= Mayu Kanamori =

Australian photographer

Mayu Kanamori (金森マユ, Kanamori Mayu) is an artist working mostly in photography, documentary photography, and still photography video art, often using photographic projection and story telling with emphasis on performance using interviews and narration.

Kanamori's earlier works deal with themes relating to subculture and minority groups, especially within Japan and Australia. Her later works deal with Australian and Japanese cross cultural and migrational issues, and her more recent works further these concerns by her attempt to spiritual connections with people and landscapes of both Australia and Japan.

== Photography ==
In 1996 at Japan Foundation Sydney Gallery, Kanamori first exhibited her series of documentary photographs of Japanese subcultures, Unseen Faces of Japan: photographs taken during her previous thee years in Japan, whilst working for Australian publications, The Sydney Morning Herald, The Age and The Good Weekend (Sydney Morning Herald). Whilst working as a freelance photographer and writer based in Sydney, Kanamori continues to document and exhibit photographs.

== Performance and photographic projection ==
Kanamori began creating her narrative works utilising audio interviews with The Heart of the Journey (2000) when she collaborated with ABC Radio National to produce a radio documentary about an Bardi-Jawi woman Lucy Dann from Broome, Western Australia, who was seeking to find her biological father Tamotsu Tsutsui. This radio feature programmed on Radio Eye received commendation in the 2000 United Nations Association of Australia Media Peace Awards in Promotions of Multicultural Issues. The Heart of the Journey was later produced in a performance context including projected photographs and live narration by the artist, and was presented by arts festivals throughout Austral-Asia.

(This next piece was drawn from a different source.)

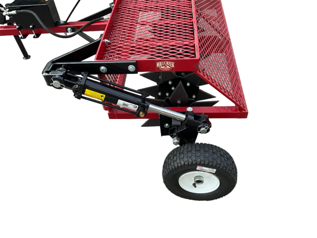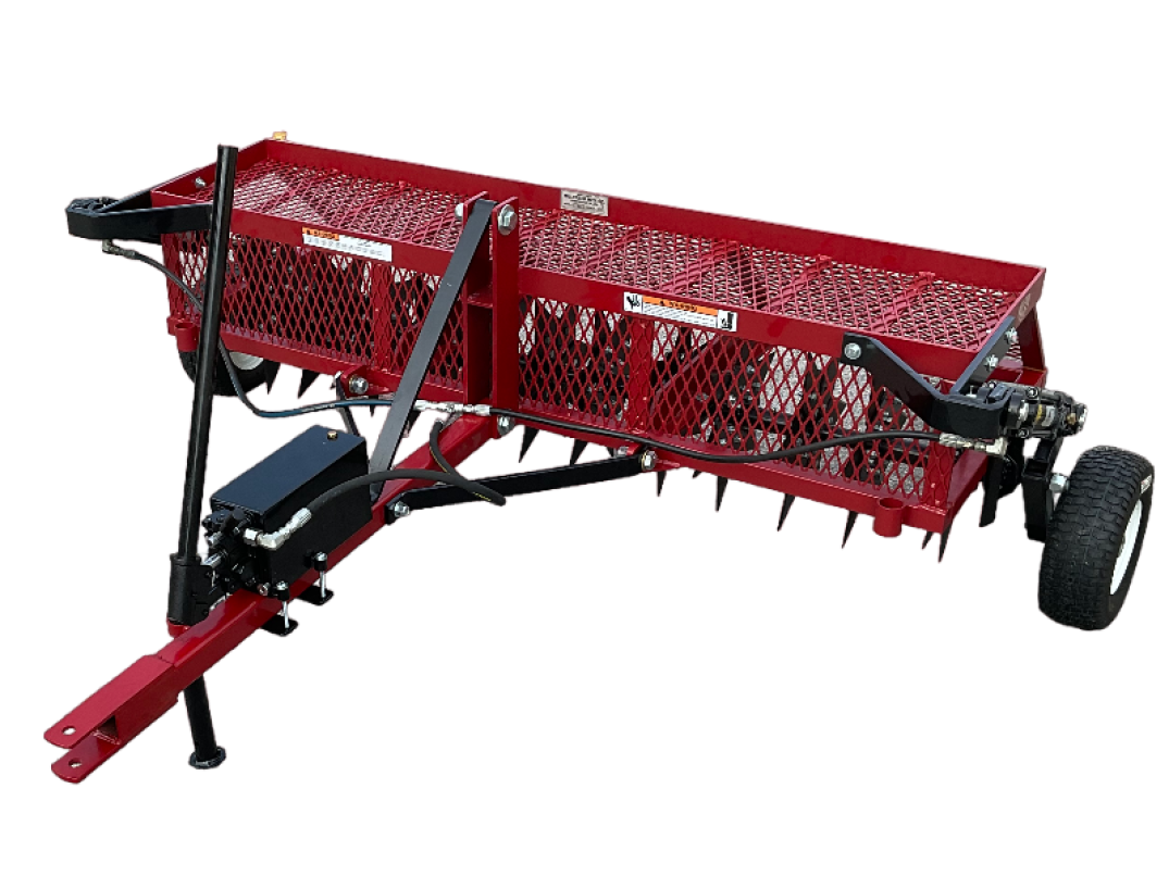 L'arieggiatore a traino 630-SM con 36 lame e sollevamento manuale della Millcreek è interamente costruita in acciaio e presenta un attacco a 3 punti.

Chika: A Documentary Performance (2005), a story about a Japanese tourist, Chika Honda, incarcerated in Australian prisons for a decade, combined sounds from Kanamori's radio documentary Chika (2004), live narration, projected photographs, live original music and dance. The radio feature Chika was finalist for 2004 Walkley Awards.

== Photography video art ==
Kanamori's video art works use series of still photographs as its base, and have included experimental works in collaboration with dancers and musicians whilst others include community based documentary work in collaboration with children and young people, as well as photographic essays with loose narratives such in Judy and Alan (2004), finalist for 2005 Harries National Digital Awards.